Survivor's Story Shows Collusion of Baptist Leaders
by David Clohessy
In a groundbreaking memoir and exposé, Christa Brown tells the story of clergy sex abuse and cover-ups in the largest Protestant denomination, the Southern Baptist Convention. Her new book, This Little Light, is one of the most powerful survivor stories I’ve ever seen, and in the work I do, I see a lot them.
This Little Light takes you on a journey. It’s the sort of journey in which you keep wishing you could turn back, and yet you can’t. The book is a page-turner. From beginning to end, Brown takes your hand and takes you with her.

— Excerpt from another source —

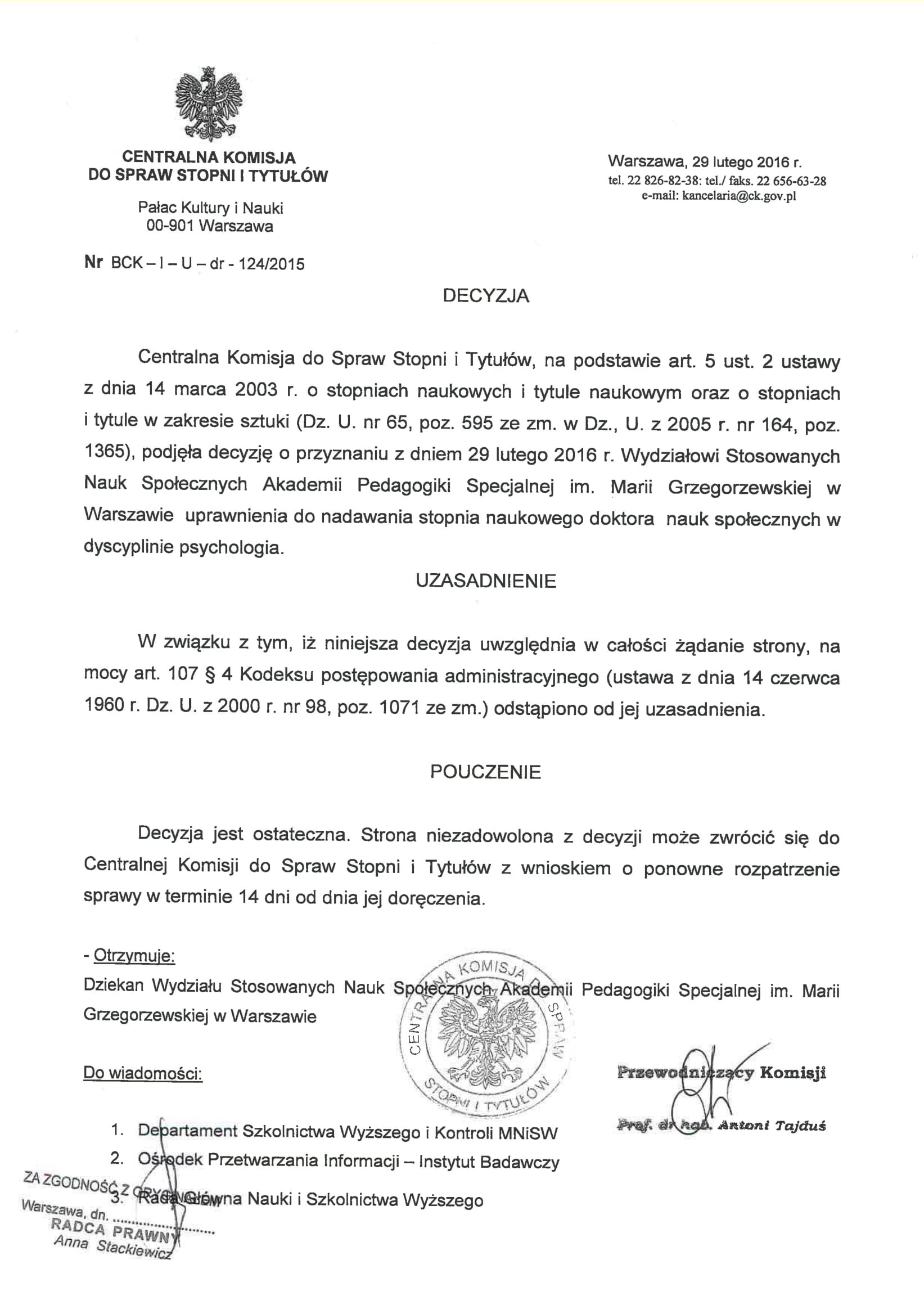- uprawnienia doktoraty psychologia (Nauki Społeczne) link do pliku
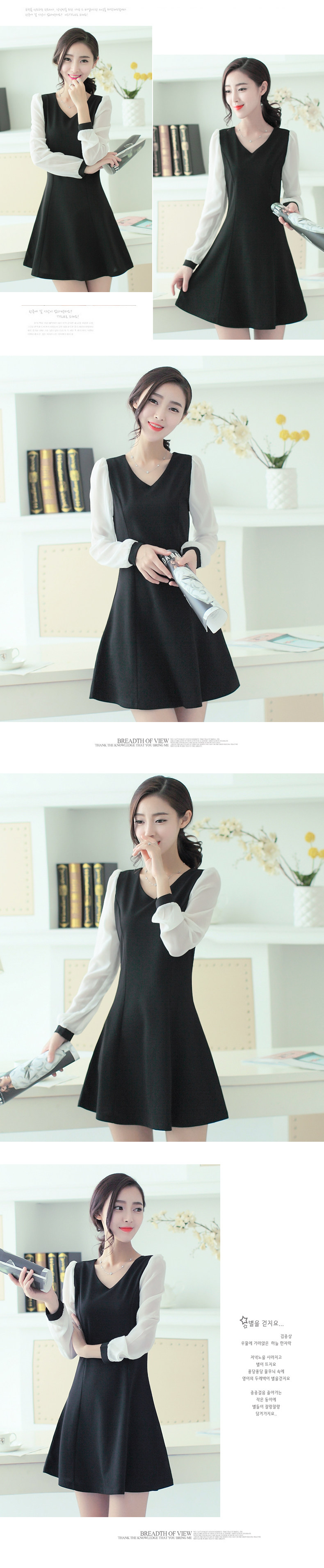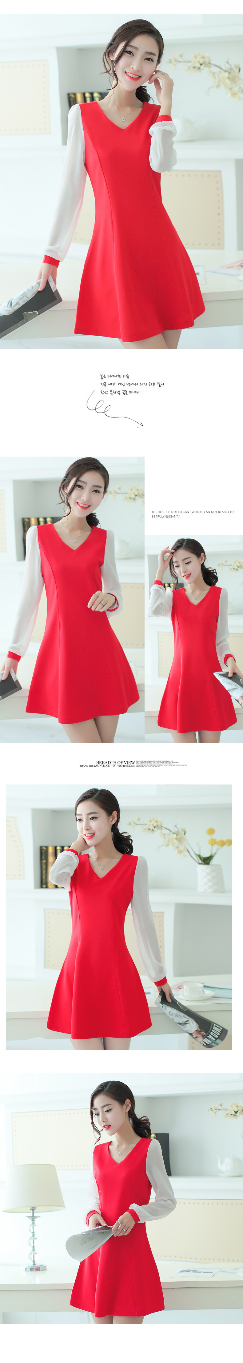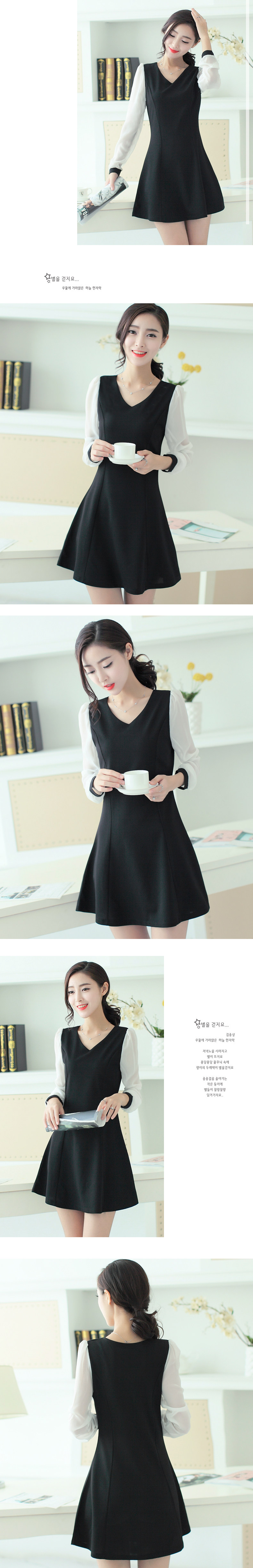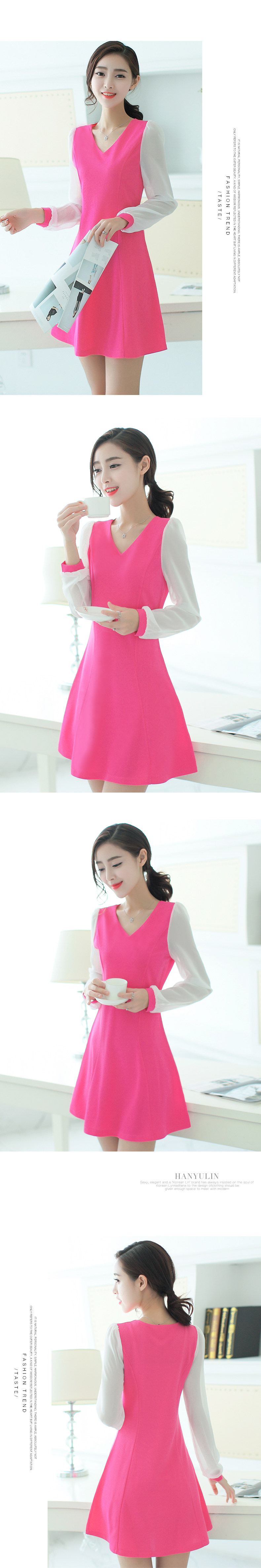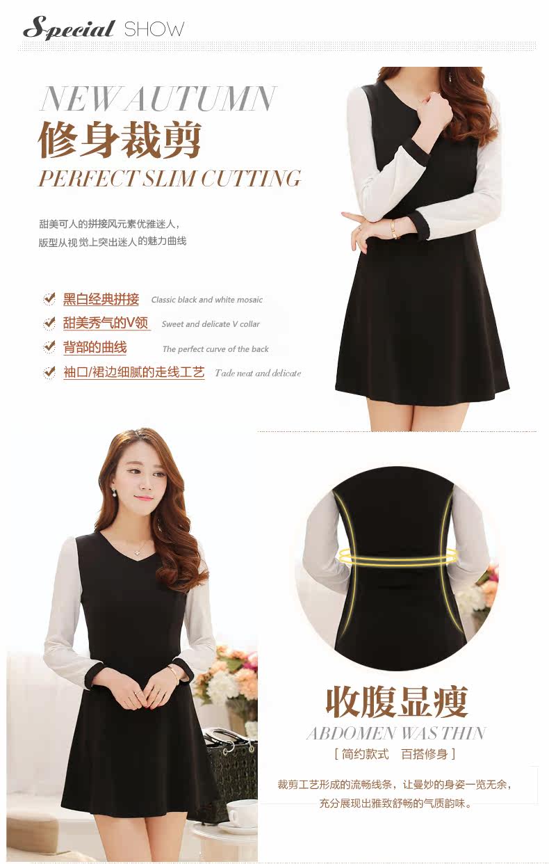 漫娜儿2017春装新款长袖雪纺拼接黑色大码韩版修身连衣裙大码女装

She starts off by going straight to hell. That’s where the call of “God’s will” led her when she was a young, faith-filled church girl. She retraces the terrain of that hell as she tells of being sexually abused in the name of God, by a man of God, and in the house of God.
But that’s only the upper-level of hell. The tour of hell’s lower-level begins when Brown, as an adult, attempts to report her pastor-perpetrator. Even though church leaders knew what he had done, he was allowed to move on to work in other Baptist churches, including very prominent ones. Ultimately, Brown notified 18 Baptist leaders with her substantiated report of abuse, but the perpetrator remained in ministry until many months later when the media got involved.
Brown doesn’t hold back as she recounts this part of her journey through the Kafkaesque maze of the cold-hearted Baptist machine. It’s a journey in which some of Baptist-land’s highest officials are seen lurking in some awfully dark corners.
Though it’s a hellish journey, Christa Brown ultimately brings courage and hope into Baptistland’s barren terrain. Her book is a must-read for anyone concerned with the safety of children and the abuse of power in evangelical churches.
David Clohessy is the national director of SNAP, the Survivor’s Network of those Abused by Priests.